Studio album by Tennis
- Released: April 25, 2025
- Length: 29:18
- Label: Mutually Detrimental
- Producer: Alaina Moore; Patrick Riley;

Tennis chronology
| Pollen (2023) | Face Down in the Garden (2025) |  |

= Face Down in the Garden =

Face Down in the Garden is the seventh and final studio album by the American indie pop duo Tennis. It was released on April 25, 2025, under their own label Mutually Detrimental.

==Background==
On April 11, 2025, two weeks prior to the release of Face Down in the Garden, Tennis announced that they would be going on an indefinite hiatus following a farewell tour in promotion of this album.
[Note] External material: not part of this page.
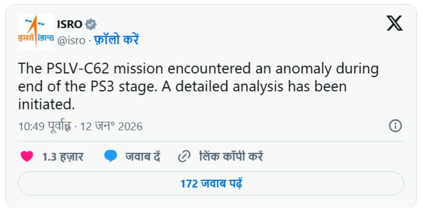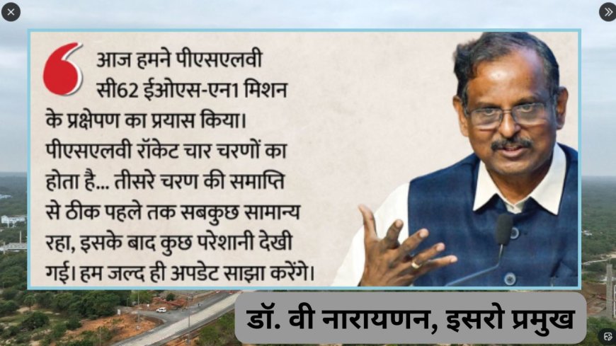 इसरो ने आधिकारिक बयान जारी कर बताया कि PSLV-C62 मिशन के तीसरे चरण (PS3) के समापन के दौरान एक 'एनोमली' (गड़बड़ी) देखी गई है। इसरो प्रमुख डॉ. वी नारायणन ने स्थिति स्पष्ट करते हुए कहा, "पीएसएलवी एक चार चरणों वाला रॉकेट है। तीसरे चरण के समाप्त होने तक सब कुछ सामान्य था, लेकिन उसके ठीक बाद तकनीकी दिक्कत आई। हमारी टीम विस्तृत जांच कर रही है और जल्द ही अपडेट साझा किया जाएगा।"

The husband-and-wife duo of Alaina Moore and Patrick Riley came to this decision following the completion of the album, saying in a press release that they have came to the conclusion that "we had said everything we wanted to say and achieved everything we wanted to achieve with our band" in addition to stating that this album will be their last "in this configuration as Tennis".

==Promotion==
The album's lead single, "Weight of Desire", was released on February 7, 2025, simultaneously with the album's announcement. A music video for this song directed by Blossom Liu and Danny Gray was also released. The second single, "At the Wedding", was released on March 7, 2025. The third and final single, "12 Blown Tires", was released in April 2025.

==Track listing==

Face Down in the Garden track listing
| No. | Title | Length |
|---|---|---|
| 1. | "At the Apartment" | 2:15 |
| 2. | "Weight of Desire" | 3:40 |
| 3. | "At the Wedding" | 4:37 |
| 4. | "Always the Same" | 3:17 |
| 5. | "Sister" | 3:46 |
| 6. | "Through the Mirror" | 3:33 |
| 7. | "I Can Only Describe You" | 2:04 |
| 8. | "12 Blown Tires" | 4:12 |
| 9. | "In Love (Release the Doves)" | 1:54 |
| Total length: |  | 29:18 |

==Personnel==
Credits adapted from the album's liner notes.

===Tennis===
- Alaina Moore – vocals, piano, synthesizers, production
- Patrick Riley – guitar, bass, drum programming, synthesizers, auxiliary percussion, production, engineering

===Additional contributors===
- Steve Voss – drums, auxiliary percussion (tracks 1, 6)
- Dash Hutton – drums, auxiliary percussion (2–5, 7, 8)
- Odessa Jorgensen – strings (1, 3)
- Claudius Mittendorfer – mixing
- Dave Cooley – mastering
- Jake Supple – assistant engineering (2, 3, 5)
- Darren Vargas – cover photo
- Blossom Liu – art direction, packaging design
- Danny Gray – art direction, packaging design

== Reception ==
It received 6.8/10 review from Pitchfork.